A trajetória de Claudia Andujar (Suíça, 1931), que fugiu da perseguição nazista durante a Segunda Guerra Mundial, revela o modo como conflitos políticos interferem na vida de diversos povos. A artista chegou ao Brasil em 1955, país em que vive até hoje e onde se naturalizou em 1976. Sua vida é marcada pela luta por demarcação de terras Yanomami e por uma série de ensaios fotográficos dedicados aos povos indígenas no Brasil. Claudia Andujar se identifica com a vulnerabilidade do povo Yanomami e nos ensina que o outro é aquele que nos ajuda a entender quem somos.
A série Sonhos Yanomami, de 2002, foi elaborada a partir de seu acervo de imagens, da sobreposição de cromos e negativos realizados desde 1971, ocasião de sua primeira viagem para a bacia do rio Catrimani, em Roraima, território Yanomami homologado pelo governo brasileiro apenas em 1992. Trata-se de uma obra do período maduro da artista, que já possuía grande intimidade com a cultura do povo que a acolheu.
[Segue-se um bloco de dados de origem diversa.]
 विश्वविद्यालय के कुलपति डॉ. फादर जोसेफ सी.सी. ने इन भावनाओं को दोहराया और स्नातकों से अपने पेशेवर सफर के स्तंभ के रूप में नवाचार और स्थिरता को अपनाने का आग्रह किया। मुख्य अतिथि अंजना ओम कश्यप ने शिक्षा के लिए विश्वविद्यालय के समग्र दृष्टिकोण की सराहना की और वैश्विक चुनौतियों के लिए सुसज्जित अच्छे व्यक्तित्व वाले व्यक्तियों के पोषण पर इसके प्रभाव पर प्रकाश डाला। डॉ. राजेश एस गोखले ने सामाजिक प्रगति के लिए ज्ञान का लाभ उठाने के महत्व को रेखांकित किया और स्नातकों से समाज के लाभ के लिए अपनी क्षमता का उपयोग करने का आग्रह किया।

As imagens revelam algo dos rituais dos líderes espirituais Yanomami e a importância do sonho em sua cosmologia. Os xamãs, diferente dos demais, se deslocam durante o sonho na companhia dos espíritos, dos xapiri, que podem trazer conhecimento, cura e proteção para a comunidade. O sonho, longe de ser um fato banal que é esquecido depois de despertarem, é uma conexão profunda com os espíritos, que viajam para além do céu, da terra e do mundo subterrâneo, e voltam com ensinamentos sobre o que viram.
O trabalho de Claudia Andujar se comunica com a cosmologia Yanomami e sua sabedoria ancestral por meio de imagens. Corujas, garças, macacos e retratos de indígenas se mesclam com luzes, texturas de pedras e árvores, resultando em fotografias fantasmagóricas dos sonhos de um povo com uma cultura sofisticada.
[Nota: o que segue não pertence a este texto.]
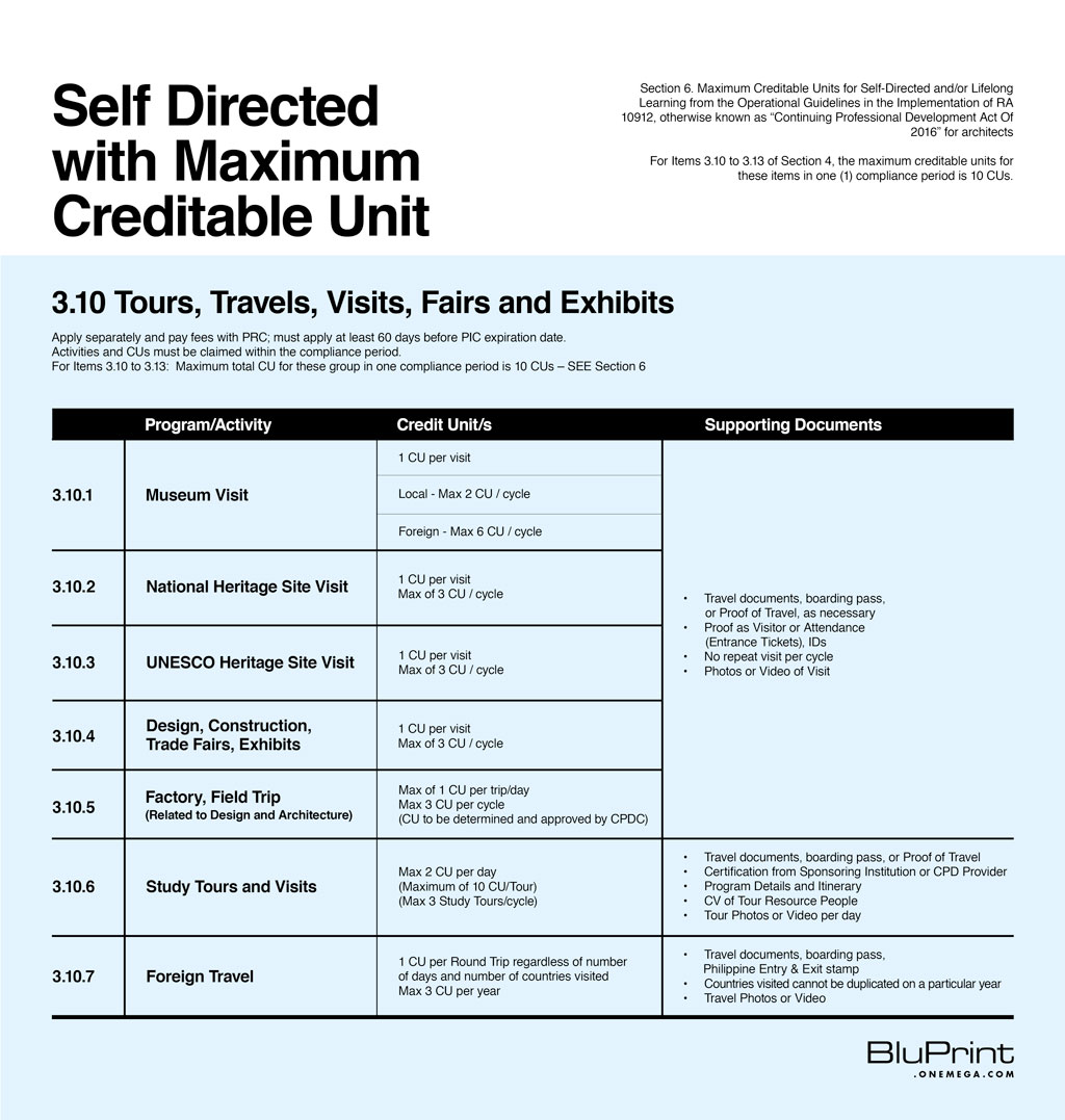 Under this provision, visiting design exhibits, museums, heritage sites, and even socio-civic work can merit points. So make sure to keep all your certificates, receipts, boarding passes, entrance tickets, and IDs in order to put them to good use.

No período em que foi revelado ao mundo mais um genocídio contra os Yanomami, cometido entre 2019 e 2022, devido ao incentivo ao garimpo ilegal e ao uso de armas, a mostra adquire um caráter simbólico para dar visibilidade aos valores indígenas. Essa também é uma história de aproximadamente 50 anos: os Yanomami vêm sendo dizimados ao menos desde 1973 com a construção da Rodovia Perimetral Norte (BR-210) e da abertura de dezenas de pistas de pouso de aeronaves.
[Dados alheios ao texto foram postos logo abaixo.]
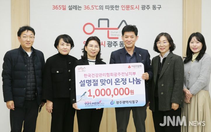 제이앤엠뉴스 | 광주 동구는 지난 6일 한국건강관리협회 광주전남지부(본부장 박종석)가 설 명절을 맞아 온정나눔 기부금 1백만 원을 동구에 기탁했다고 밝혔다.

A sobrevivência dos Yanomami, além de uma questão humanitária, assegura a proteção da floresta, a sustentabilidade ambiental e a vida no planeta. Os xamãs, os únicos que conseguem sonhar mais longe e ouvir as vozes dos espíritos da floresta, impedem a queda do céu, sustentado pelos xapiri, que mantêm o equilíbrio e a ordem do universo. O fim do mundo, o desabamento do céu, ocorrerá quando a floresta for exterminada e o último xamã morrer. O tempo para reverter a grande catástrofe está se esgotando.
Cauê Alves (curador-chefe do MAM São Paulo)
O Clube de Colecionadores do Museu de Arte Moderna de São Paulo foi fundado em 1986 com o objetivo de estimular a produção artística contemporânea, além de incentivar e democratizar o colecionismo de arte. Desde então, os formatos e as proposições das obras comissionadas para o Clube buscam dialogar com as mudanças próprias da arte e da modernidade, assim como incorporar reflexões sobre a reprodução técnica de imagens e a sua influência no olhar e na experiência do espectador.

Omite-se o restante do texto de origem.